== PROBLEM DETAILS ==
Only a verbatim restatement of the lines from the one with "3.6inch クロスボーダ" through the end of the listing below is wanted. Pictures should be left out.

== GIVEN INFORMATION ==
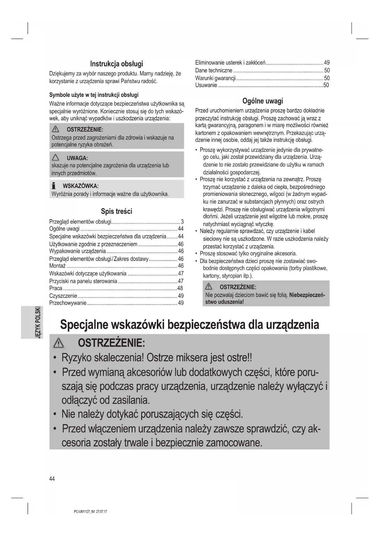 - Nie używać urządzenia z pustym dzbankiem do mieszania.46 PC-UM1127_IM 27.07.17
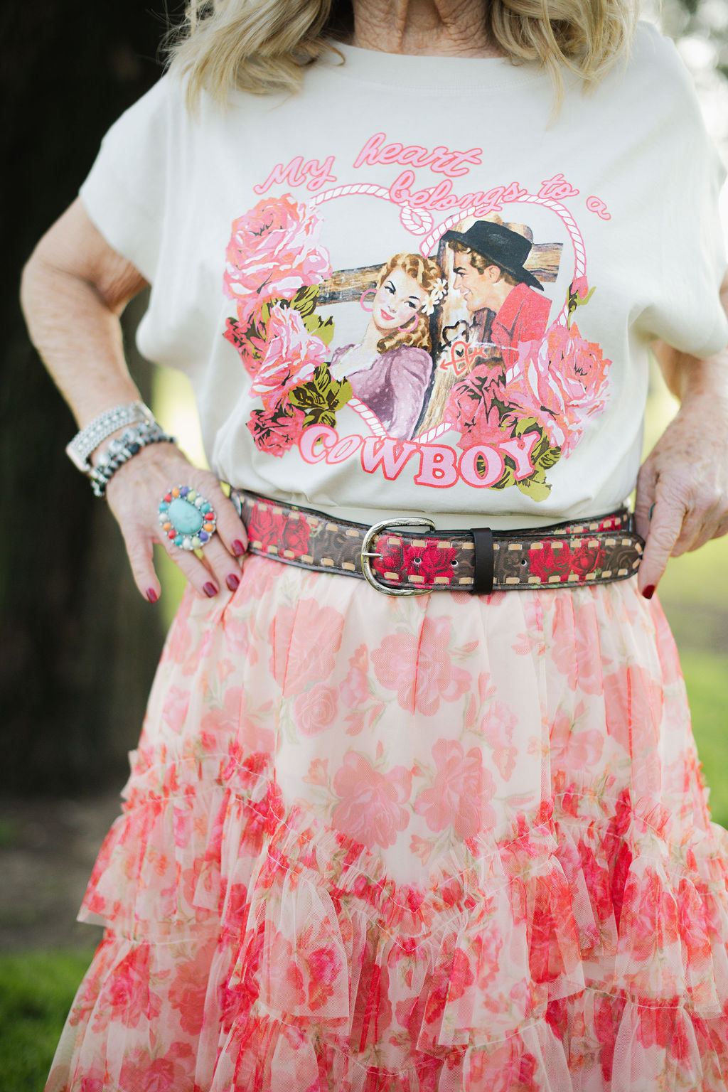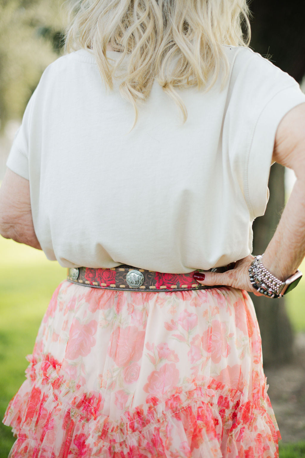 The Rosita Belt is where romance meets grit. Designed with rich red rose detailing layered over a deep brown base, this belt is finished with classic Western stitching and vintage-inspired silver concho accents for a look that feels both timeless and bold. Crafted to elevate everything from denim to dresses, the Rosita Belt brings a feminine edge to traditional Western styling. This is the belt you reach for when you want your outfit to feel intentional—strong, confident, and unmistakably cowgirl.
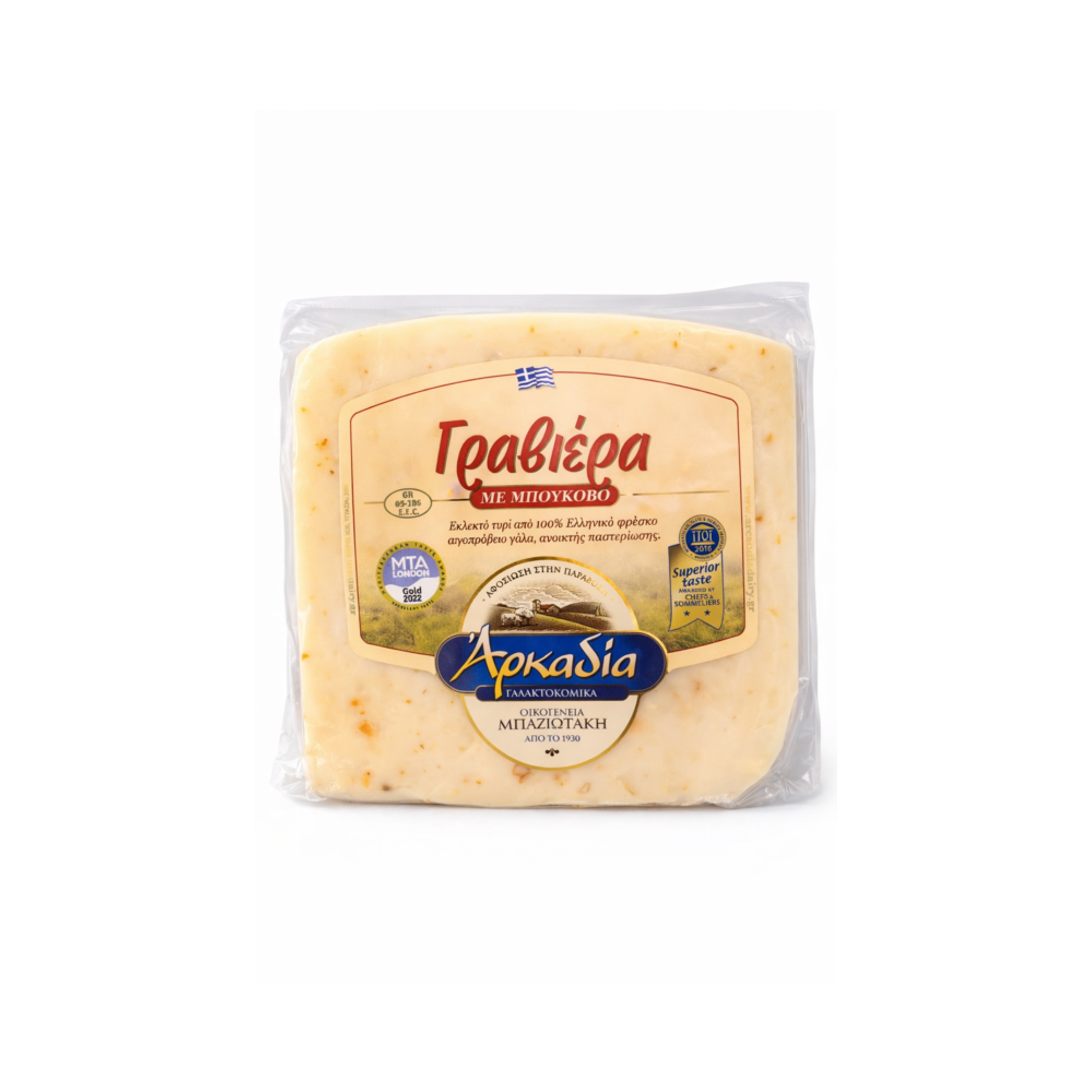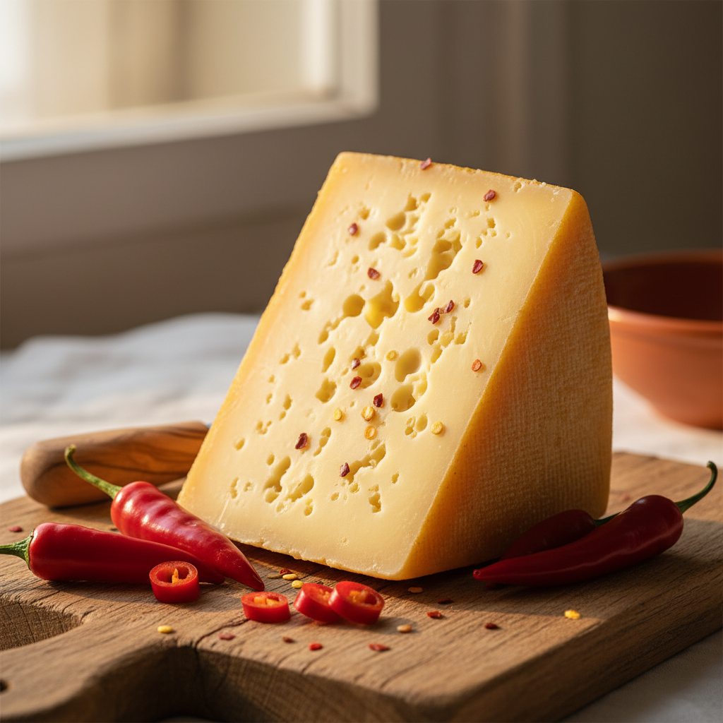Zwarto-dojrzewający ser o sprężystej strukturze, który dobrze się kroi i świetnie się ściera. W smaku: klasyczny „serowy” charakter Graviera z pikantnym akcentem chili — od delikatnego rozgrzania po wyraźniejszą ostrość (zależy od partii).
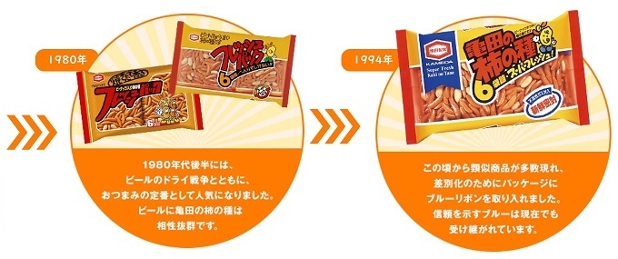 「亀田の柿の種」にピーナッツが入ったことにより、1966年からその歴史をスタートさせた「亀田の柿の種」。そこから約58年間に渡って、現在の新パッケージに至るまで時代の変化と共に様々な進化を遂げてきました。長年にわたって愛されるロングセラー商品となった「亀田の柿の種」のパッケージのこれまでの変遷をご紹介します。
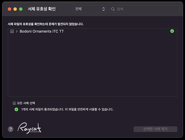 설치한 폰트의 유효성 검사도 서체 관리자에서 폰트를 선택 우클릭 후 유효성 확인을 할 수 있습니다. 유효성 검사에서 문제가 발생하는 경우 폰트가 깨지는 경우가 있기 때문에 사용하지 않는 게 좋습니다.
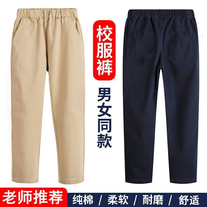 아동용 바지, 남아용 카키색 교복 바지, 봄 가을 남녀 아동용 네이비색 초등학생 신축성 허리밴드 공연용 교복 바지
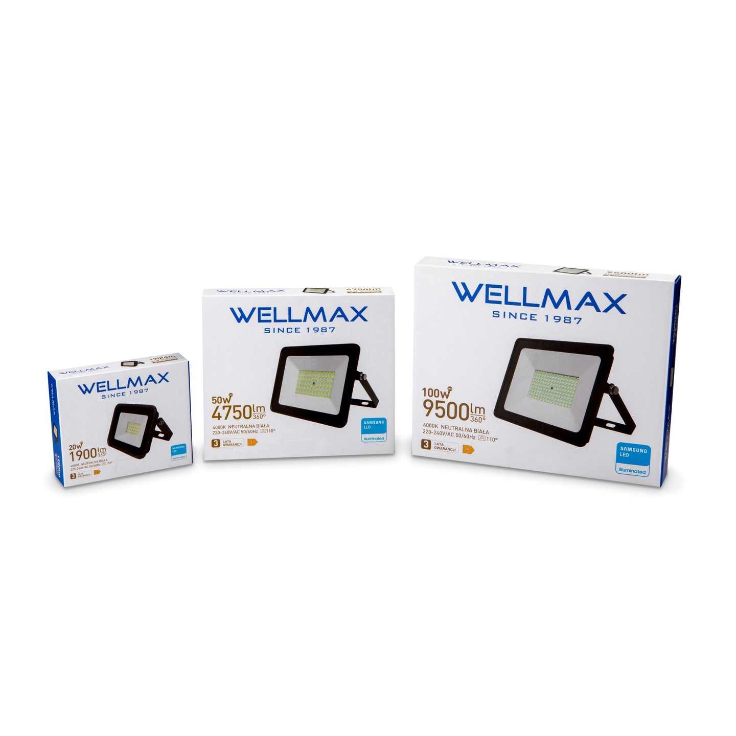 Wszystkie produkty WELLMAX wyprodukowane na podzespołach firmy SAMSUNG posiadają 3 letnią gwarancję i mogą poszczycić się czasem świecenia 25 000 godzin!
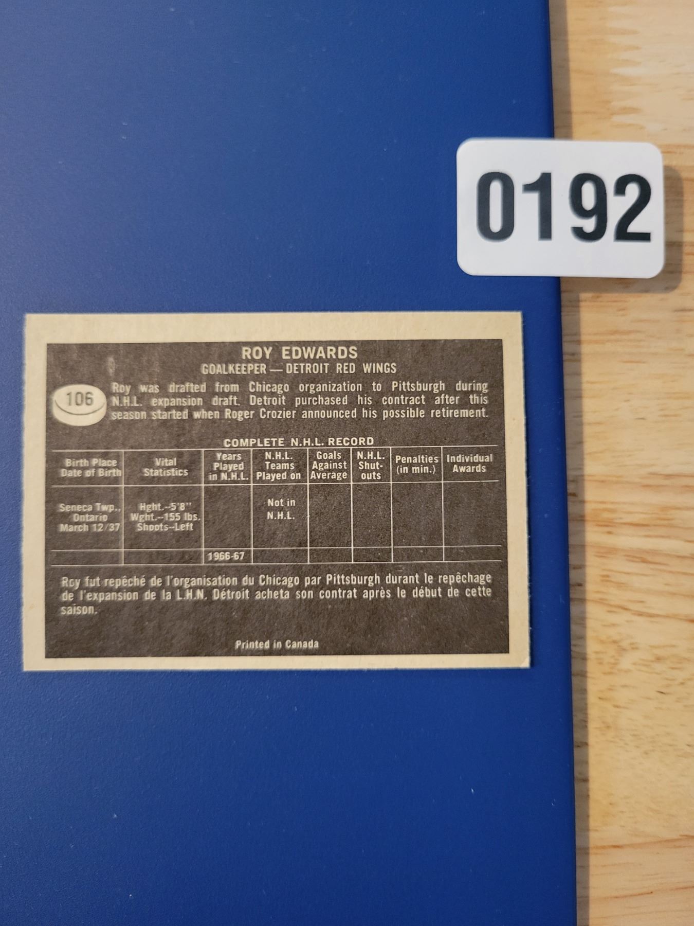 Vintage Hockey Card - Details In Photographs
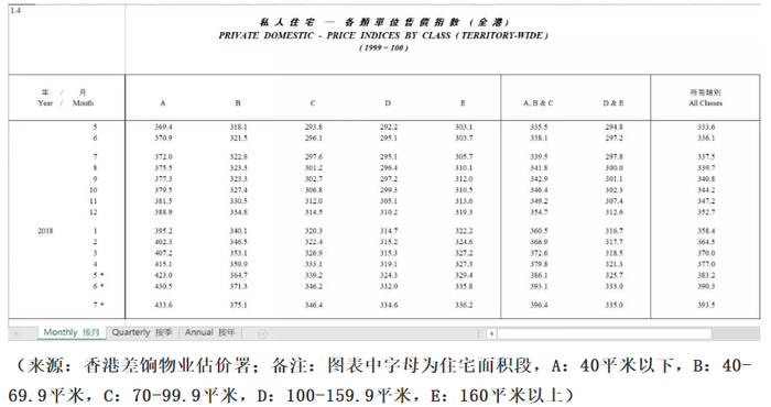 进入2018年,已经披露数据的前7个月,香港住宅价格依然是在逐月上升。7月,香港私人住宅售价指数升到393.5,港岛160平米+的E户型历史上首次突破了30万港币/平米。
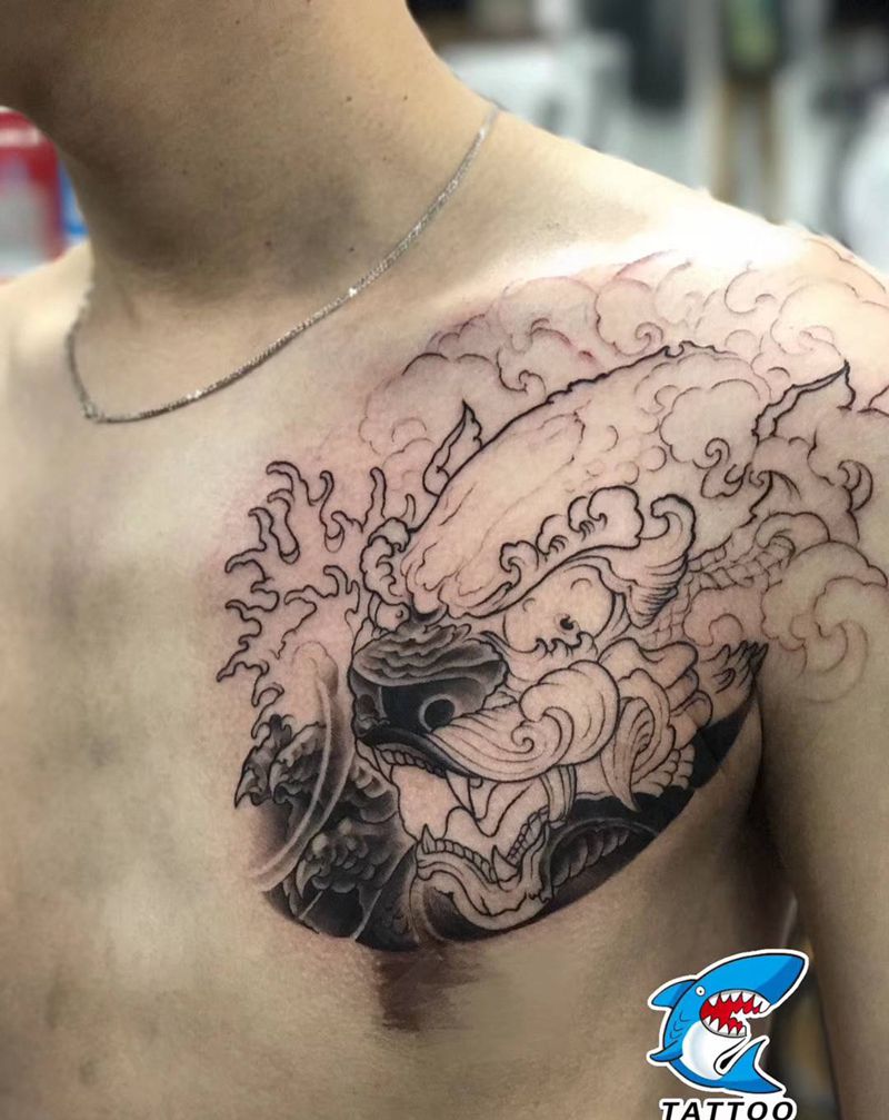 当前位置: 首页 >山东省威海市纹身店-威海玩刺青工作室纹身图案>福狮纹身图片_胸部新传统纹身图案
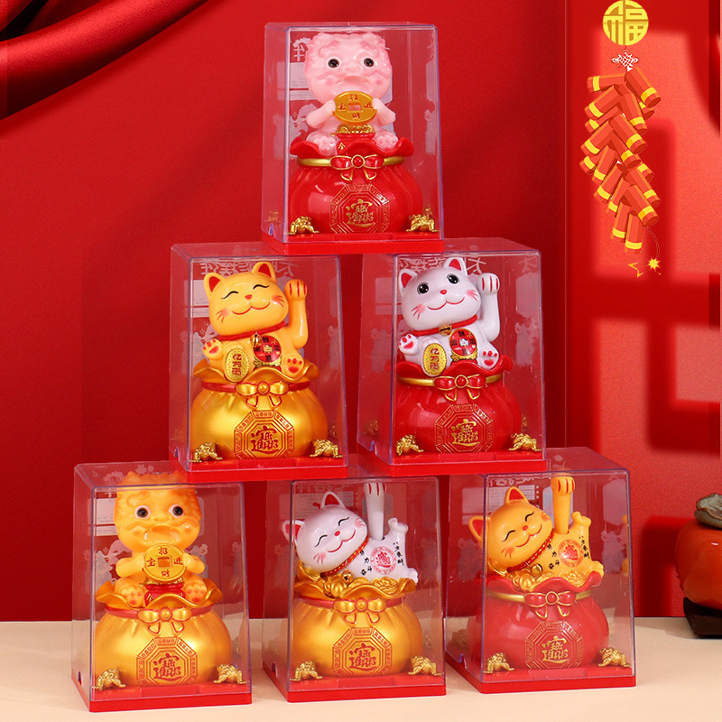 3.6inch クロスボーダー大型マネーバッグ福袋手振りソーラー招き猫カーショップホームカーオーナメント
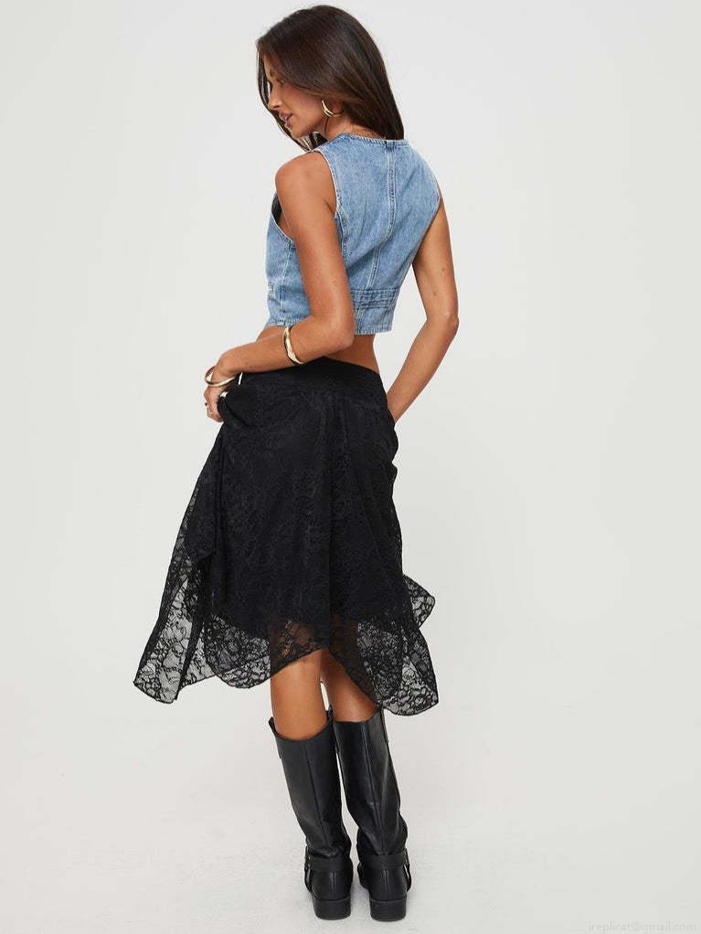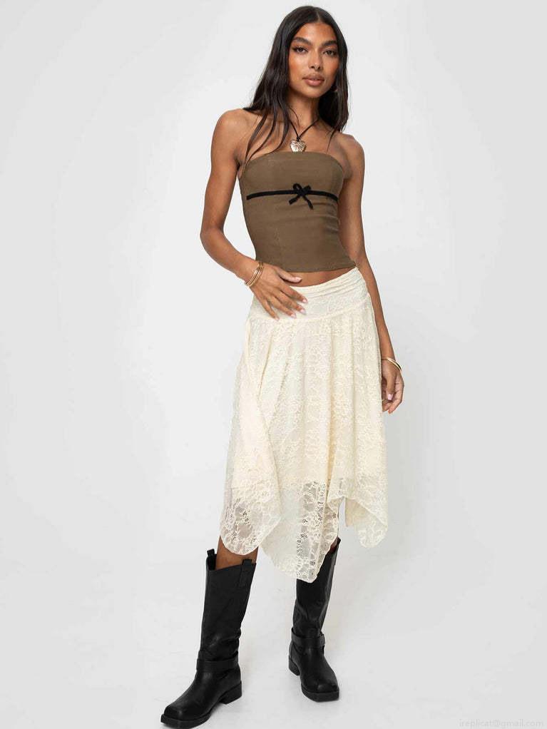 • Women's Lace Midi Skirt Irregular Asymmetric Hem High Waist Polyester Spandex Patchwork Skirt For Daily Party Vacation Boho Street Style

== SOLVED EXERCISE ==
 3.6inch クロスボーダー大型マネーバッグ福袋手振りソーラー招き猫カーショップホームカーオーナメント
 • Women's Lace Midi Skirt Irregular Asymmetric Hem High Waist Polyester Spandex Patchwork Skirt For Daily Party Vacation Boho Street Style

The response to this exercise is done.